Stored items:
▼
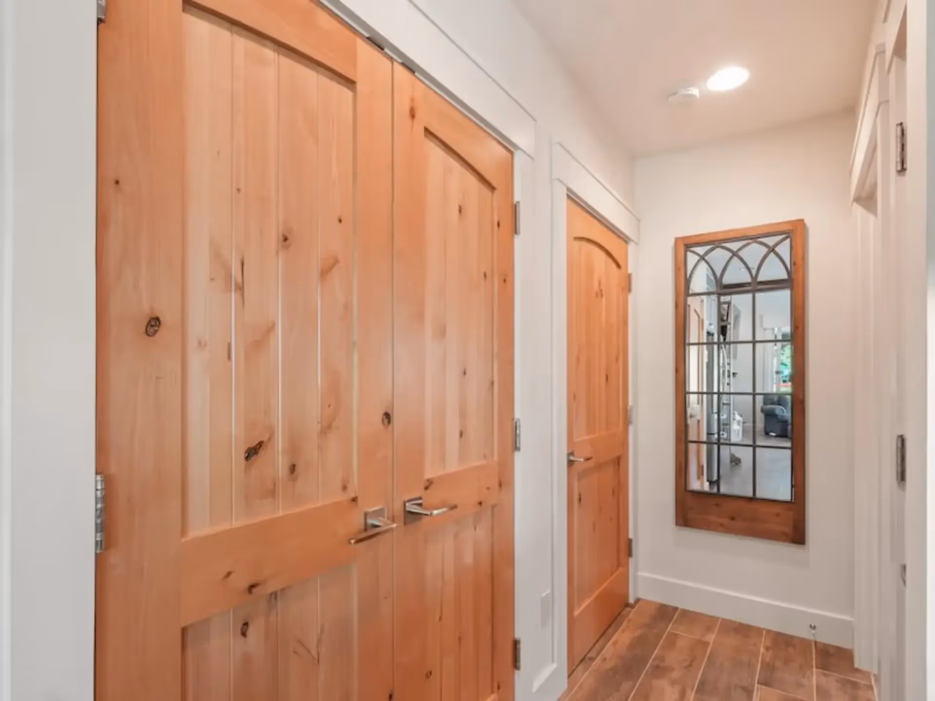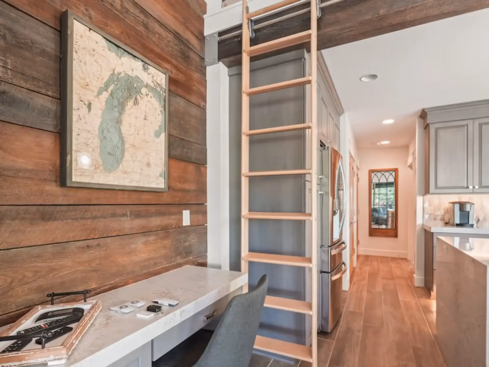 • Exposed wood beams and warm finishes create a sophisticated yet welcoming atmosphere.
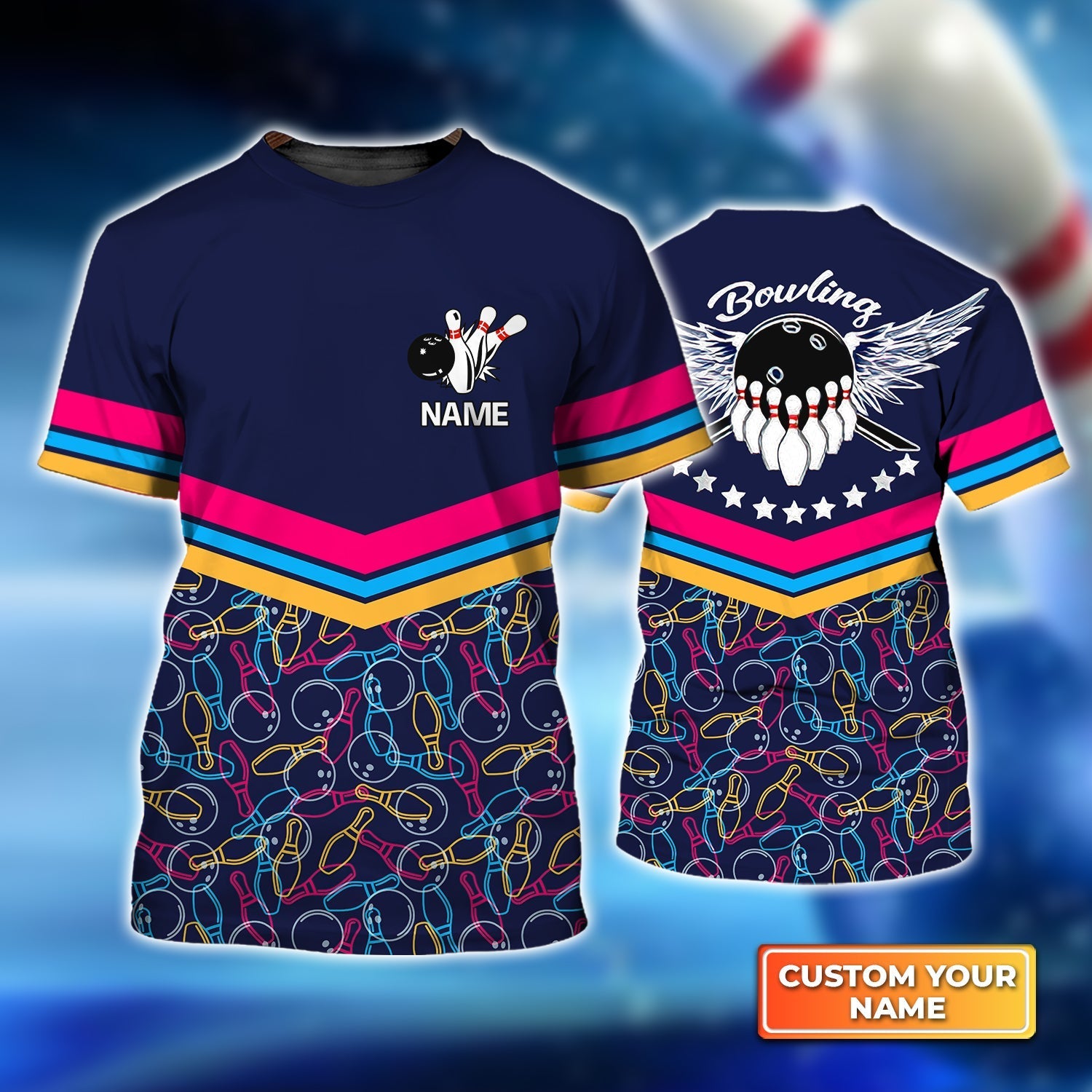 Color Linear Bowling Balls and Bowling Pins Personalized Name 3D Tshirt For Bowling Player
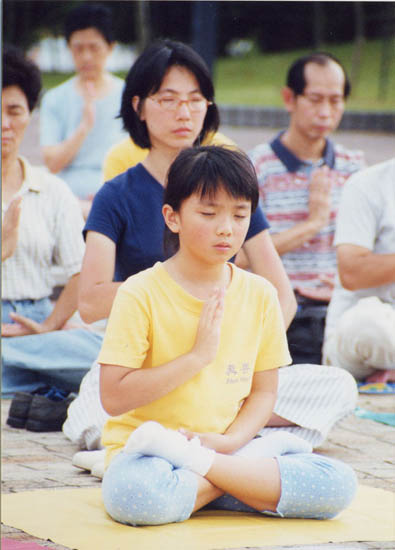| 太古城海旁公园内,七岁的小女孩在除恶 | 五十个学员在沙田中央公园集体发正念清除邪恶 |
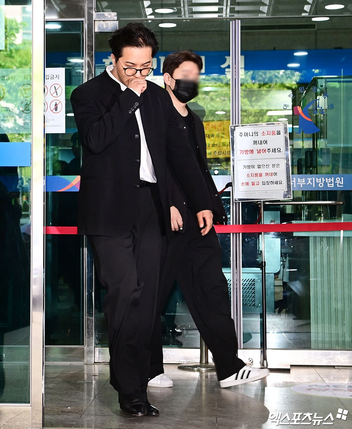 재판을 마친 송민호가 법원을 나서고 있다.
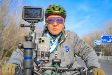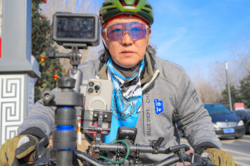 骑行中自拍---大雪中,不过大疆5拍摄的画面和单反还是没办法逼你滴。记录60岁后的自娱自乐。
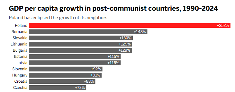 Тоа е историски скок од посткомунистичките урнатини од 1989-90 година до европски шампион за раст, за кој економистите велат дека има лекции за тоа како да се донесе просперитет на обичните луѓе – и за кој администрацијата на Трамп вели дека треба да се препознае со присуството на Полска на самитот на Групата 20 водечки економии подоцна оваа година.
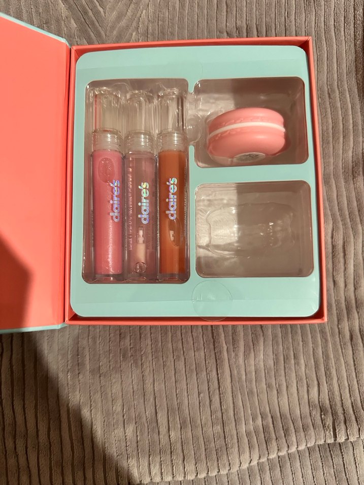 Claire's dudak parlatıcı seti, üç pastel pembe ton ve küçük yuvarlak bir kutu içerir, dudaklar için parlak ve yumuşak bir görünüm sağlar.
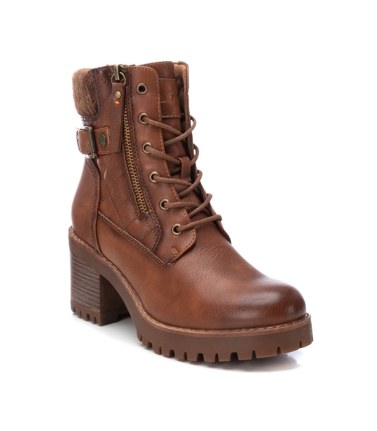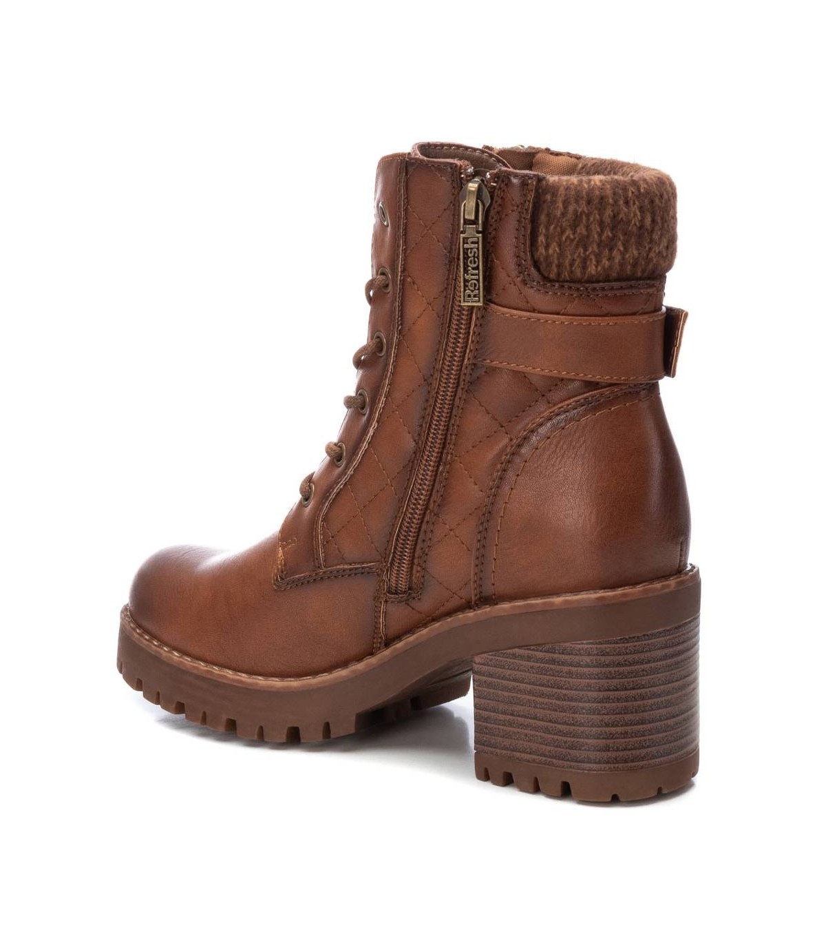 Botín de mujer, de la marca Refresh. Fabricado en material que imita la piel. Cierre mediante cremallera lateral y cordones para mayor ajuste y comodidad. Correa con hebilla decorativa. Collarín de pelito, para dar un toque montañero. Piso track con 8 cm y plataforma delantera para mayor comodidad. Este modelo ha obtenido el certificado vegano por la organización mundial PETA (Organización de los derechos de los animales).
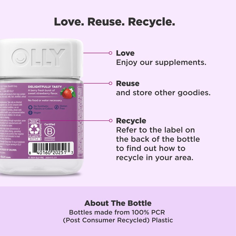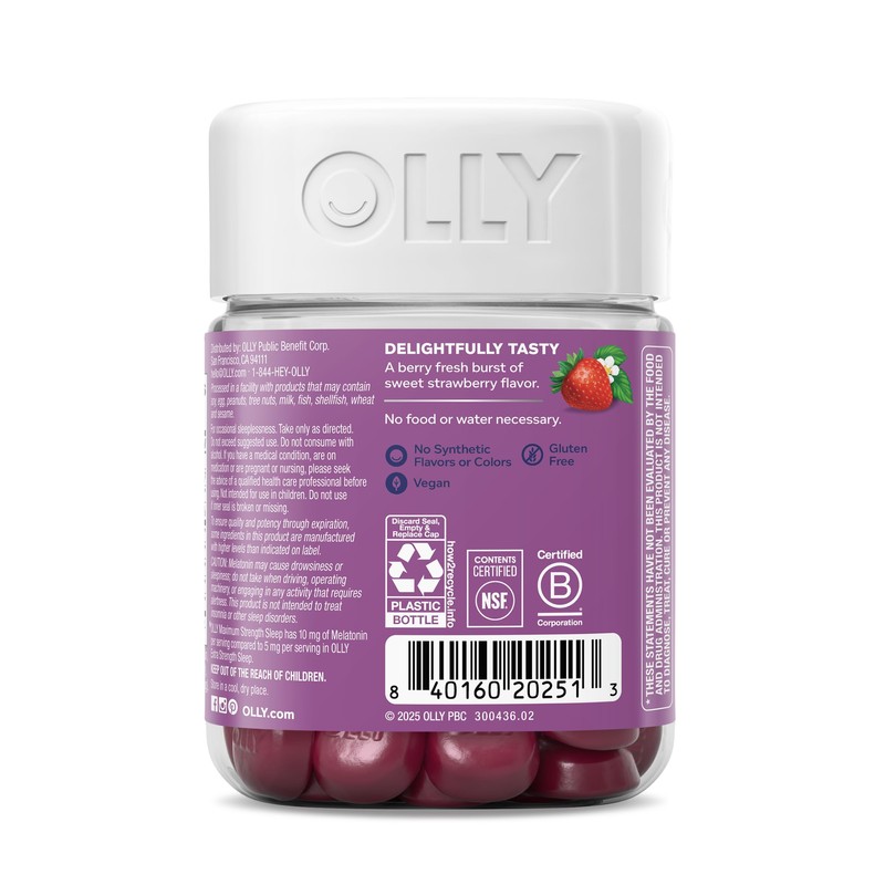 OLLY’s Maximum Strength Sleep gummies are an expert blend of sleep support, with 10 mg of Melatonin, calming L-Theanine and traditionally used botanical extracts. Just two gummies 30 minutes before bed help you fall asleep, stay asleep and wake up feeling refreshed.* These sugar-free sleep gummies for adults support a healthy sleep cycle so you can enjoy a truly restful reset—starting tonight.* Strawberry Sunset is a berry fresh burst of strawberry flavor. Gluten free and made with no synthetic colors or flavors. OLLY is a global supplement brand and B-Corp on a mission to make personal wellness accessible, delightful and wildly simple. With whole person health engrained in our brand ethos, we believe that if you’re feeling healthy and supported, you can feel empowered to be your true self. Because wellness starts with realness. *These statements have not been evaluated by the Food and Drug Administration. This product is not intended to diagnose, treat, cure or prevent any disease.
▲
Task description:
Once the line containing "Тоа е историски" has been located, transcribe exactly and only every line from the first line of the entries through it, excluding pictures.

Exercise answer:
 • Exposed wood beams and warm finishes create a sophisticated yet welcoming atmosphere.
 Color Linear Bowling Balls and Bowling Pins Personalized Name 3D Tshirt For Bowling Player
| 太古城海旁公园内,七岁的小女孩在除恶 | 五十个学员在沙田中央公园集体发正念清除邪恶 |
 재판을 마친 송민호가 법원을 나서고 있다.
 骑行中自拍---大雪中,不过大疆5拍摄的画面和单反还是没办法逼你滴。记录60岁后的自娱自乐。
 Тоа е историски скок од посткомунистичките урнатини од 1989-90 година до европски шампион за раст, за кој економистите велат дека има лекции за тоа како да се донесе просперитет на обичните луѓе – и за кој администрацијата на Трамп вели дека треба да се препознае со присуството на Полска на самитот на Групата 20 водечки економии подоцна оваа година.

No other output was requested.